Kexin Zhang, Brianna R Cochran, Ruijia Chen, Lance Hartung, Bryce Sprecher, Ross Tredinnick, Kevin Ponto, Suman Banerjee, Yuhang Zhao

ACM DL | Direct Download PDF

 

First responders (FRs) navigate hazardous, unfamiliar environments in the field (e.g., mass-casualty incidents), making life-changing decisions in a split second. AR head-mounted displays (HMDs) have shown promise in supporting them due to its capability of recognizing and augmenting the challenging environments in a hands-free manner. However, the design space has not been thoroughly explored by involving various FRs who serve different roles (e.g., firefighters, law enforcement) but collaborate closely in the field. We interviewed 26 first responders in the field who experienced a state-of-the-art optical-see-through AR HMD, as well as its interaction techniques and four types of AR cues (i.e., overview cues, directional cues, highlighting cues, and labeling cues), soliciting their first-hand experiences, design ideas, and concerns. Our study revealed both generic and role-specific preferences and needs for AR hardware, interactions, and feedback, as well as identifying desired AR designs tailored to urgent, risky scenarios (e.g., affordance augmentation to facilitate fast and safe action). While acknowledging the value of AR HMDs, concerns were also raised around trust, privacy, and proper integration with other equipment. Finally, we derived comprehensive and actionable design guidelines to inform future AR systems for in-field FRs.

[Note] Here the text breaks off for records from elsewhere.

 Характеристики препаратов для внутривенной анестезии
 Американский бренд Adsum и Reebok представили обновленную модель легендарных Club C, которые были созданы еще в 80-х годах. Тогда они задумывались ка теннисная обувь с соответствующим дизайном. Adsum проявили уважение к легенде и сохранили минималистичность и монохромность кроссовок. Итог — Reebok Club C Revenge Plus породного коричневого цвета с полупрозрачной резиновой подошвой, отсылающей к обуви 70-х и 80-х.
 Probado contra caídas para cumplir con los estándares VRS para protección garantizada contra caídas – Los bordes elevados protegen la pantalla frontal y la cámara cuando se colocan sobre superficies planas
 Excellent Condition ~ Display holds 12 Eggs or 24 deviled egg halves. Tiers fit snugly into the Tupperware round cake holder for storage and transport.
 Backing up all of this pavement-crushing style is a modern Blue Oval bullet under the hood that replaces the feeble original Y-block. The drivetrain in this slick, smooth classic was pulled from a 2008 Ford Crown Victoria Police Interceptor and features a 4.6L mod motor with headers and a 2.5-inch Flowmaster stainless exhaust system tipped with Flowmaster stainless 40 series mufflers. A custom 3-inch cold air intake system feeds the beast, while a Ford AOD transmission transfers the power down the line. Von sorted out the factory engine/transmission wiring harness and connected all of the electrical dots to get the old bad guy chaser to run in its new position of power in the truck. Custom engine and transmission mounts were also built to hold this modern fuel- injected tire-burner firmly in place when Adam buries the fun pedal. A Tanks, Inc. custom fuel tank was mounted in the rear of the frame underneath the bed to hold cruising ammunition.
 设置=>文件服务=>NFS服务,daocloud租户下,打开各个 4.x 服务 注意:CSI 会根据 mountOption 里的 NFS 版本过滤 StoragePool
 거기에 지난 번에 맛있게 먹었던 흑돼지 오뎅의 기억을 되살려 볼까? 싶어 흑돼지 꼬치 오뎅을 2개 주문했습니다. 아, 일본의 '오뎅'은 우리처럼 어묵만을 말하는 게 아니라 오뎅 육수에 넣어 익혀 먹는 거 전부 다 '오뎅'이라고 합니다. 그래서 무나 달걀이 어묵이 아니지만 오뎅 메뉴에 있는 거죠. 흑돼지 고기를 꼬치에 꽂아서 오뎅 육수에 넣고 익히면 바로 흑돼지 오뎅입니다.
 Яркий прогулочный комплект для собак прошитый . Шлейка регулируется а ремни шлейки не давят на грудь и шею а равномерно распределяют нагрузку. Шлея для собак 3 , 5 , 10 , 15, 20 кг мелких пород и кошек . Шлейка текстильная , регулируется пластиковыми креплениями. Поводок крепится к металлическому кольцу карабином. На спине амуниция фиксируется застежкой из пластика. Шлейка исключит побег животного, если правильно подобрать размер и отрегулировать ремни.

Publication accepted to CHI 2024 and presented in Honolulu, Hawaii.

GazePrompt: Enhancing Low Vision People’s Reading Experience with Gaze-Aware Augmentations (CHI 2024)

GazePrompt is a gaze-aware reading aid that provides timely and targeted visual and audio augmentations for people with low vision based on users’ gaze behaviors (Wang et al. 2024)

Ru Wang, Zach Potter, Yun Ho, Daniel Killough, Linda Zeng, Sanbrita Mondal, and Yuhang Zhao

ACM DL | Direct Download PDF

Reading is a challenging task for low vision people. While conventional low vision aids (e.g., magnification) offer certain support, they cannot fully address the difficulties faced by low vision users, such as locating the next line and distinguishing similar words. To fill this gap, we present GazePrompt, a gaze-aware reading aid that provides timely and targeted visual and audio augmentations based on users’ gaze behaviors. GazePrompt includes two key features: (1) a Line-Switching support that highlights the line a reader intends to read; and (2) a Difficult-Word support that magnifies or reads aloud a word that the reader hesitates with. Through a study with 13 low vision participants who performed well-controlled reading-aloud tasks with and without GazePrompt, we found that GazePrompt significantly reduced participants’ line switching time, reduced word recognition errors, and improved their subjective reading experiences. A follow-up silent-reading study showed that GazePrompt can enhance users’ concentration and perceived comprehension of the reading contents. We further derive design considerations for future gaze-based low vision aids.

Publication accepted to CHI 2024 and presented in Honolulu, Hawaii.